Your copy should contain exactly the lines from the start of the material through the line containing "説明 | 東洋の精神性と現代的な美意識が完璧に融合した、吸い込まれるような魅力を持つ原画作品です。", and no pictures.

(Beginning of The records)

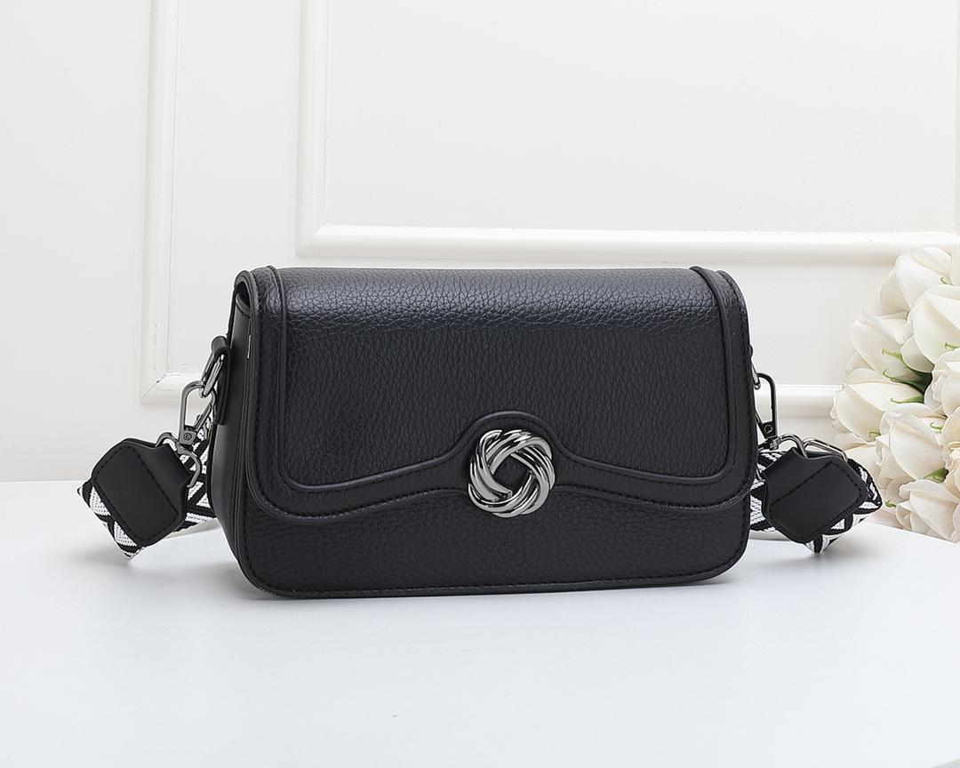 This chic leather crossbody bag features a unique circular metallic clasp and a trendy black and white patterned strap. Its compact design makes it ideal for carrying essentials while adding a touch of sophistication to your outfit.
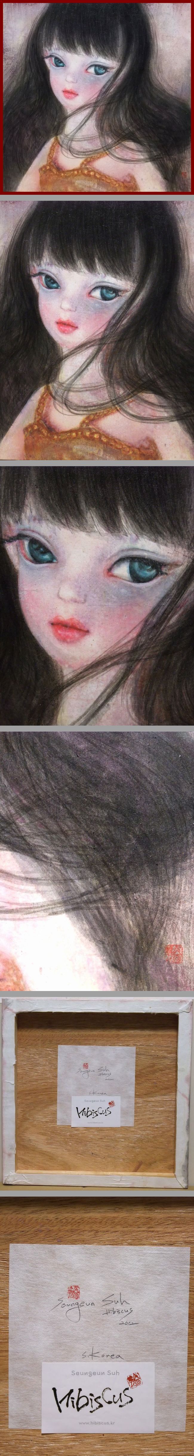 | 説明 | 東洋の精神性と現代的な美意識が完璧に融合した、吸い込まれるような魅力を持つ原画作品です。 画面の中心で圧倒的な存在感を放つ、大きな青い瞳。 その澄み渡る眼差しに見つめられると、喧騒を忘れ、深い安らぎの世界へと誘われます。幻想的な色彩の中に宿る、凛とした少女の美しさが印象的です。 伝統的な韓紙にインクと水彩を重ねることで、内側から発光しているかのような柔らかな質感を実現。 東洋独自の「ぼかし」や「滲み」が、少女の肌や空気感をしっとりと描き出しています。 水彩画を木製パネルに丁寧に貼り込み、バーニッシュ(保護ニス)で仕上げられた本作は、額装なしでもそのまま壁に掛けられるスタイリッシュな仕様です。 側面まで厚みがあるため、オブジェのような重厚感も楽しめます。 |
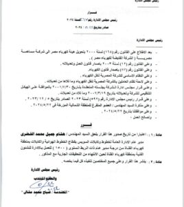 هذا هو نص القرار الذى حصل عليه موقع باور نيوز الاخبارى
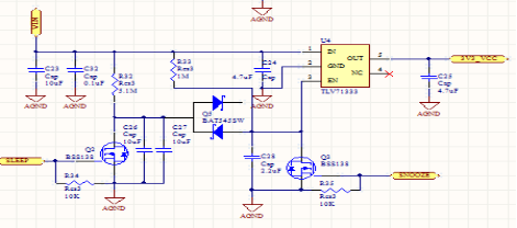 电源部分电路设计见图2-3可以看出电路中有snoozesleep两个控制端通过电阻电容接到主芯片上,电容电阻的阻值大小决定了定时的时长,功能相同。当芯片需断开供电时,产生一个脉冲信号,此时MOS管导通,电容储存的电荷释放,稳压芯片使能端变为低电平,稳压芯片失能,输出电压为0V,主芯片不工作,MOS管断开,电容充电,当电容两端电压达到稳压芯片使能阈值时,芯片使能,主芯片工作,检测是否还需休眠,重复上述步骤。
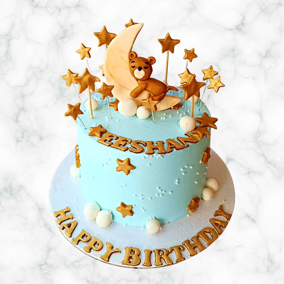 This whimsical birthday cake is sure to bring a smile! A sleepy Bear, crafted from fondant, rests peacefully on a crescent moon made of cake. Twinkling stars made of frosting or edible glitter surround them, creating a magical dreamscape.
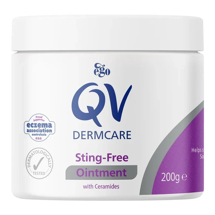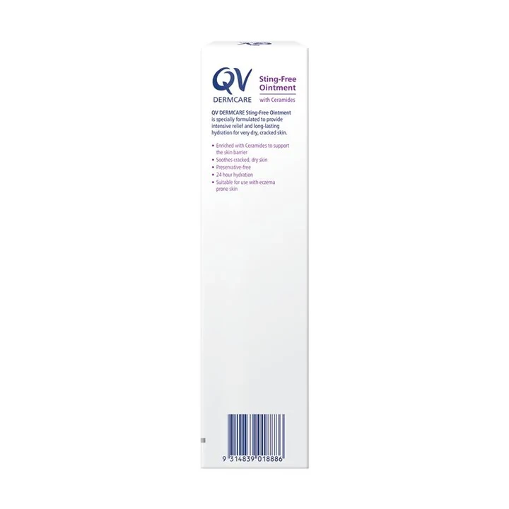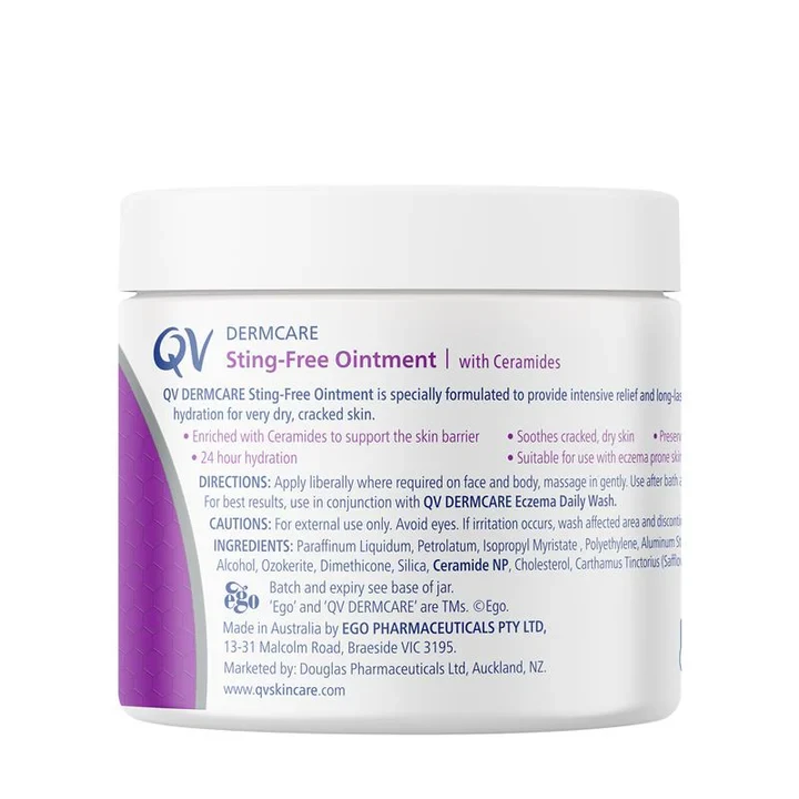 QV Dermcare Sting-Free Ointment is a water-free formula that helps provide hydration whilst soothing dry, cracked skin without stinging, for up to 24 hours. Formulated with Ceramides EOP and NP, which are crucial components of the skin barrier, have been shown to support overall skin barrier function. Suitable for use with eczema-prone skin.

(End of The records)

• [Written answer]:
 This chic leather crossbody bag features a unique circular metallic clasp and a trendy black and white patterned strap. Its compact design makes it ideal for carrying essentials while adding a touch of sophistication to your outfit.
 | 説明 | 東洋の精神性と現代的な美意識が完璧に融合した、吸い込まれるような魅力を持つ原画作品です。 画面の中心で圧倒的な存在感を放つ、大きな青い瞳。 その澄み渡る眼差しに見つめられると、喧騒を忘れ、深い安らぎの世界へと誘われます。幻想的な色彩の中に宿る、凛とした少女の美しさが印象的です。 伝統的な韓紙にインクと水彩を重ねることで、内側から発光しているかのような柔らかな質感を実現。 東洋独自の「ぼかし」や「滲み」が、少女の肌や空気感をしっとりと描き出しています。 水彩画を木製パネルに丁寧に貼り込み、バーニッシュ(保護ニス)で仕上げられた本作は、額装なしでもそのまま壁に掛けられるスタイリッシュな仕様です。 側面まで厚みがあるため、オブジェのような重厚感も楽しめます。 |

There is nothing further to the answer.